[Records contained in a dataset]
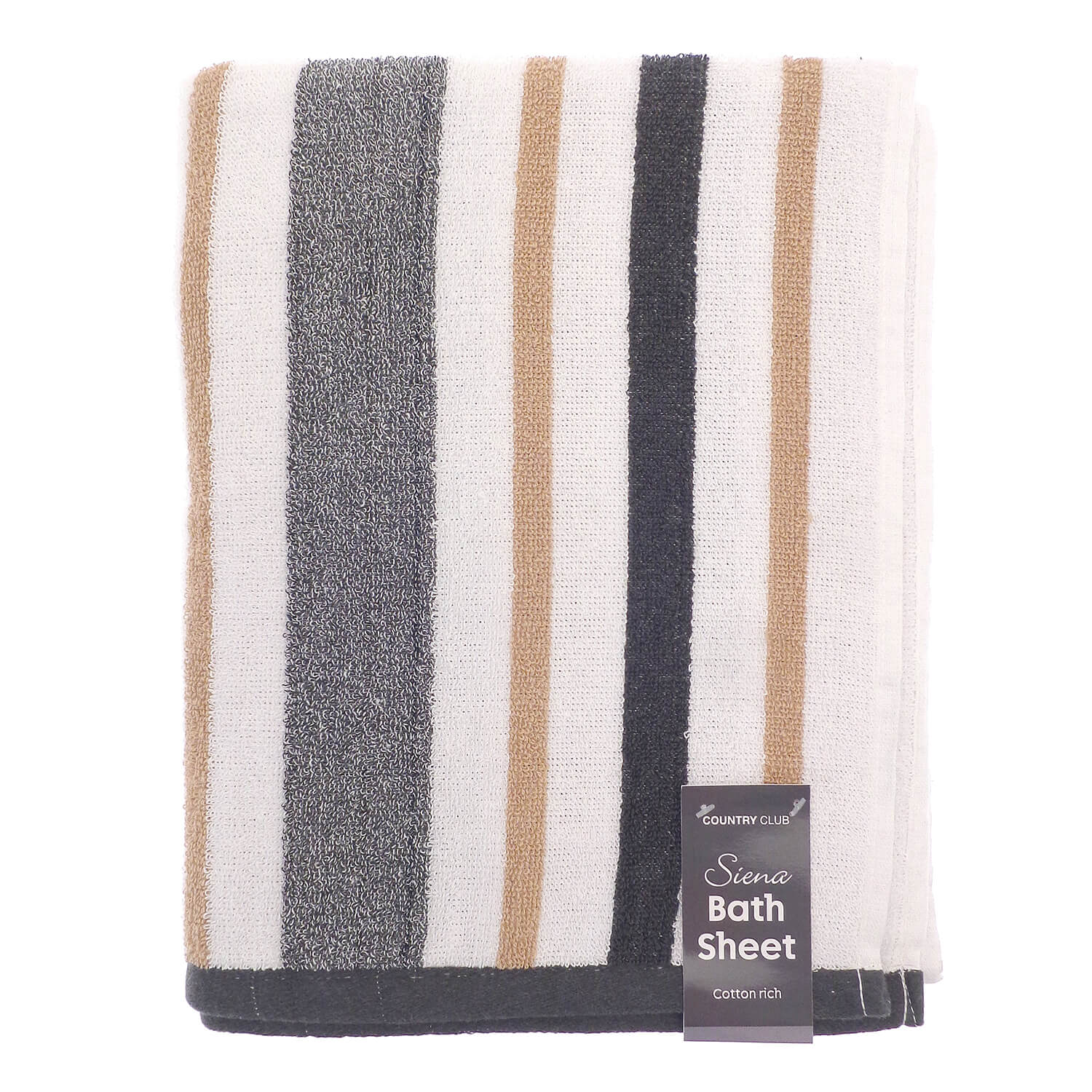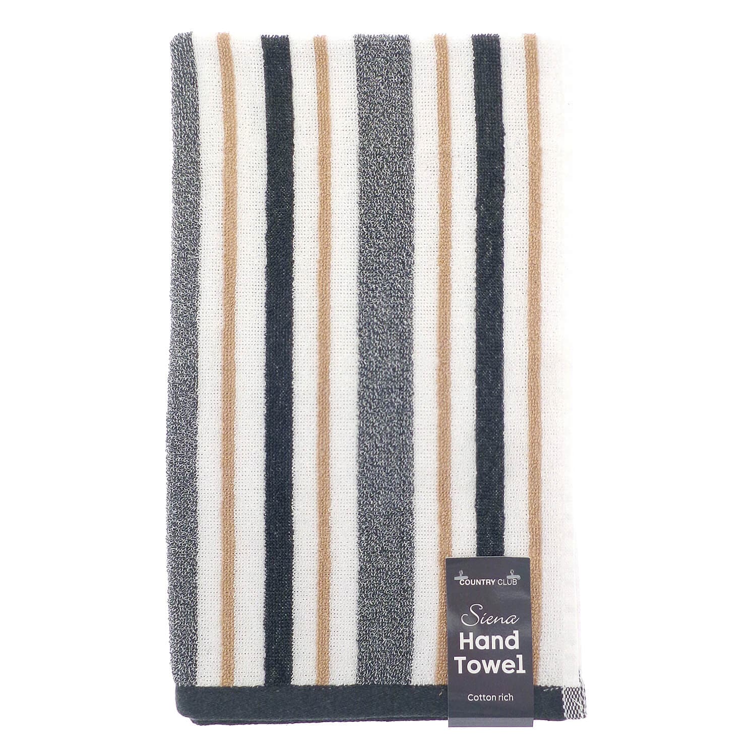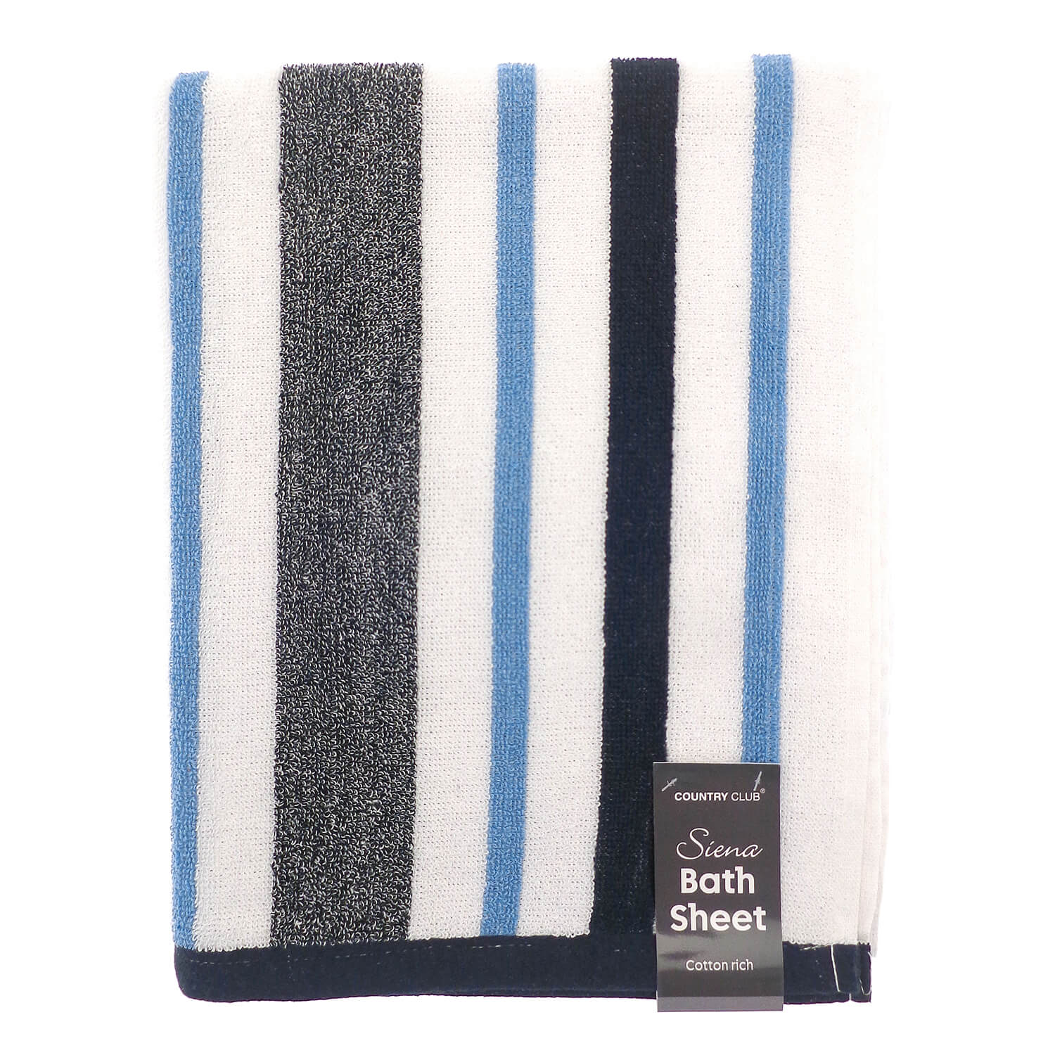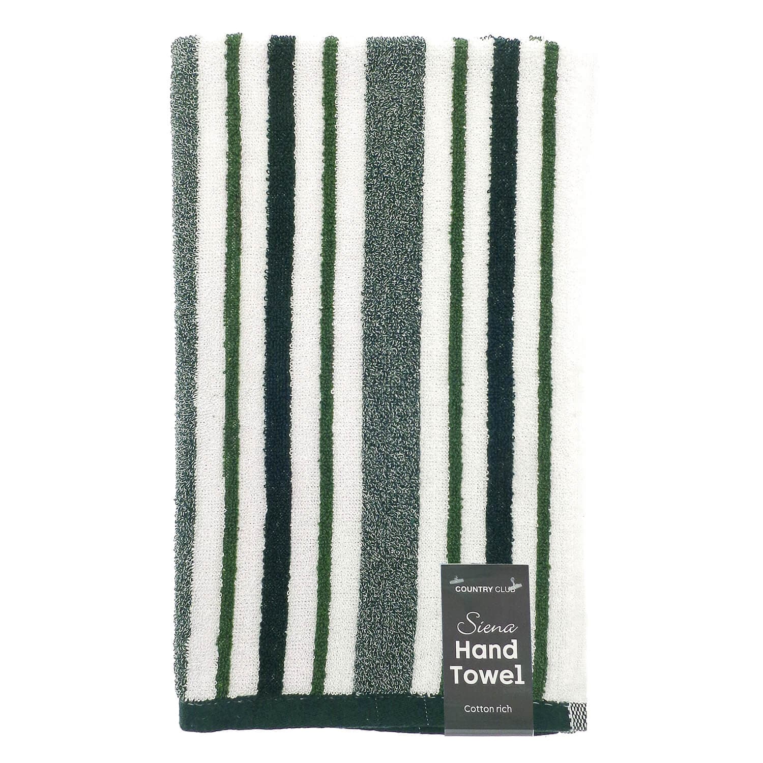 Give your bathroom or shower room a fresh new look with this stylish striped towel from Country Club. The bathroom towel is made from soft cotton rich looped terry towelling material which is comfortable on your skin and highly absorbent for drying after a bath or shower. The striped pattern bathroom towel has a reinforced edge for durability and is available in a choice of green, blue or beige to match most decor. Choose from hand or bath sheet sizes and refresh your bathroom today!
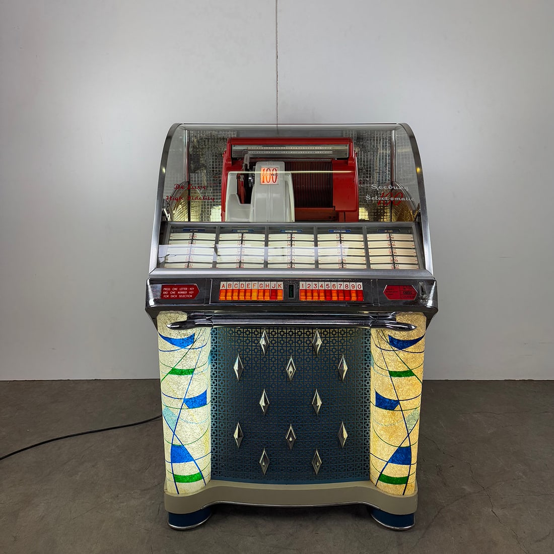 SoldSeeburg 100 Select-O-Matic Jukebox (1953)Seeburg Select-O-Matic 100 jukebox, model HF100G, manufactured 1953. High-fidelity design with chrome trim, curved glass dome, and blue mechanism housing. Features 100 selections (50 records) with visSee Sold Price
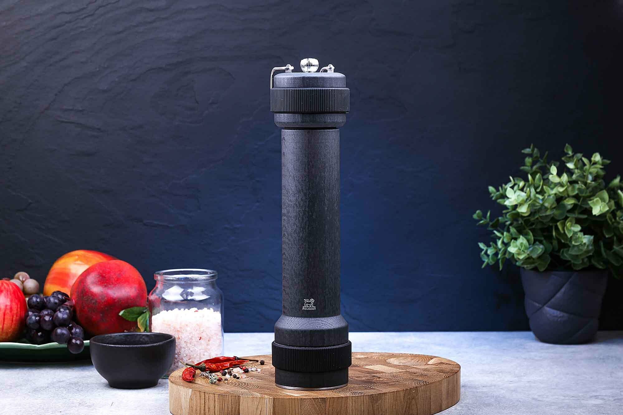 Корпус изделия выполнен из дерева в благородном сером цвете. Мельница дополнена подсветкой для того, чтобы процесс приготовления на природе был максимально комфортным.
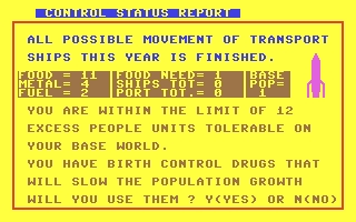 Having been elected Controller of a frontier colony on a planet the far reaches of the galaxy, you now have the difficult job of efficiently managing the planet and its surrounding system. Under you direction, spacecraft will explore the galaxy seeking new worlds for the ever expanding population, while in the colony, despite scientific researches, the planet become increasingly dependent on imported resources and the skill of your management.
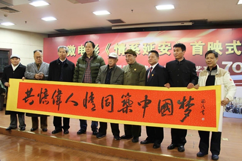 肖国清在国家行政学院创作的作品,并与邓小平饰演者段炼等合影
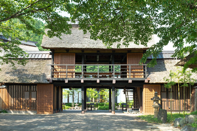 悠湯里庵の敷地内には、七棟のかやぶき家屋が点在しています。これらは、全国の由緒あるかやぶき屋敷・民家を2~3年ほどかけて丁寧に移築してきたものだそうです。玄関横にある「長屋門」も風情のあるたたずまいです。
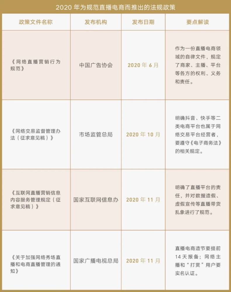 当然针对当下直播电商领域的乱象,相关部门也出台了相关文件进行规范。其中在2020年6月24日,中国广告协会发布了《网络直播营销行为规范》,虽然这只是一份自律文件,不具有强制性,但迈出了直播电商规范化的第一步。之后,市场监管总局、国家互联网信息办和国家广播电视总局也出台了相应的直播电商法规。
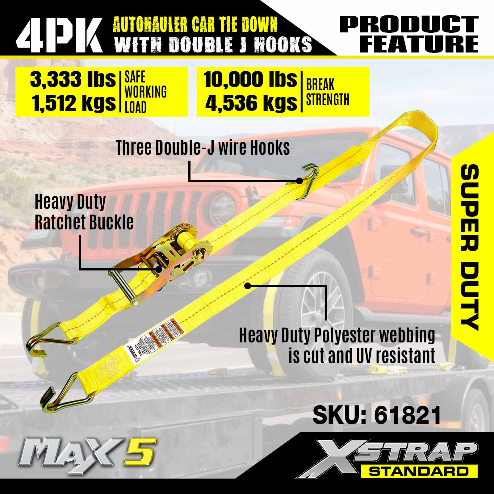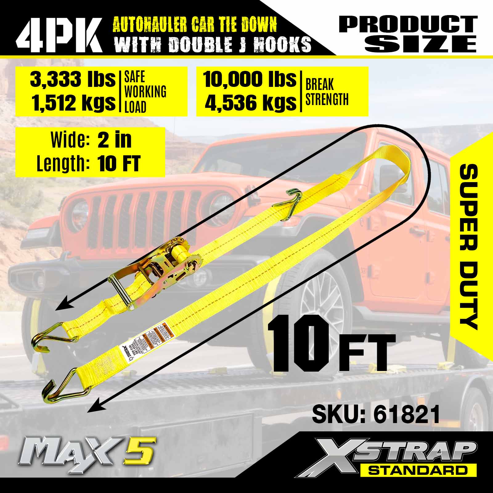 - 超高耐久性能: 3,333LBS の安全作業荷重と 10,000LBS の破壊強度の定格があり、大型車両や要求の厳しい輸送シナリオに対応できるように作られています。
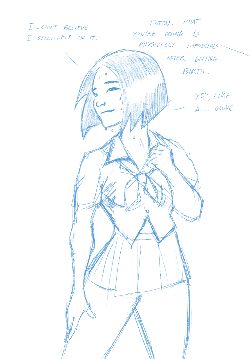 >>153032847Regular Tatsu won’t admit she’s one size too big for that costume.

WORK TASK
What is needed is a word-for-word copy of the lines from the one containing "SoldSeeburg 100 Select-O-Matic" through the final line of the records above, both included, with the pictures left out.

EXERCISE OUTPUT
 SoldSeeburg 100 Select-O-Matic Jukebox (1953)Seeburg Select-O-Matic 100 jukebox, model HF100G, manufactured 1953. High-fidelity design with chrome trim, curved glass dome, and blue mechanism housing. Features 100 selections (50 records) with visSee Sold Price
 Корпус изделия выполнен из дерева в благородном сером цвете. Мельница дополнена подсветкой для того, чтобы процесс приготовления на природе был максимально комфортным.
 Having been elected Controller of a frontier colony on a planet the far reaches of the galaxy, you now have the difficult job of efficiently managing the planet and its surrounding system. Under you direction, spacecraft will explore the galaxy seeking new worlds for the ever expanding population, while in the colony, despite scientific researches, the planet become increasingly dependent on imported resources and the skill of your management.
 肖国清在国家行政学院创作的作品,并与邓小平饰演者段炼等合影
 悠湯里庵の敷地内には、七棟のかやぶき家屋が点在しています。これらは、全国の由緒あるかやぶき屋敷・民家を2~3年ほどかけて丁寧に移築してきたものだそうです。玄関横にある「長屋門」も風情のあるたたずまいです。
 当然针对当下直播电商领域的乱象,相关部门也出台了相关文件进行规范。其中在2020年6月24日,中国广告协会发布了《网络直播营销行为规范》,虽然这只是一份自律文件,不具有强制性,但迈出了直播电商规范化的第一步。之后,市场监管总局、国家互联网信息办和国家广播电视总局也出台了相应的直播电商法规。
 - 超高耐久性能: 3,333LBS の安全作業荷重と 10,000LBS の破壊強度の定格があり、大型車両や要求の厳しい輸送シナリオに対応できるように作られています。
 >>153032847Regular Tatsu won’t admit she’s one size too big for that costume.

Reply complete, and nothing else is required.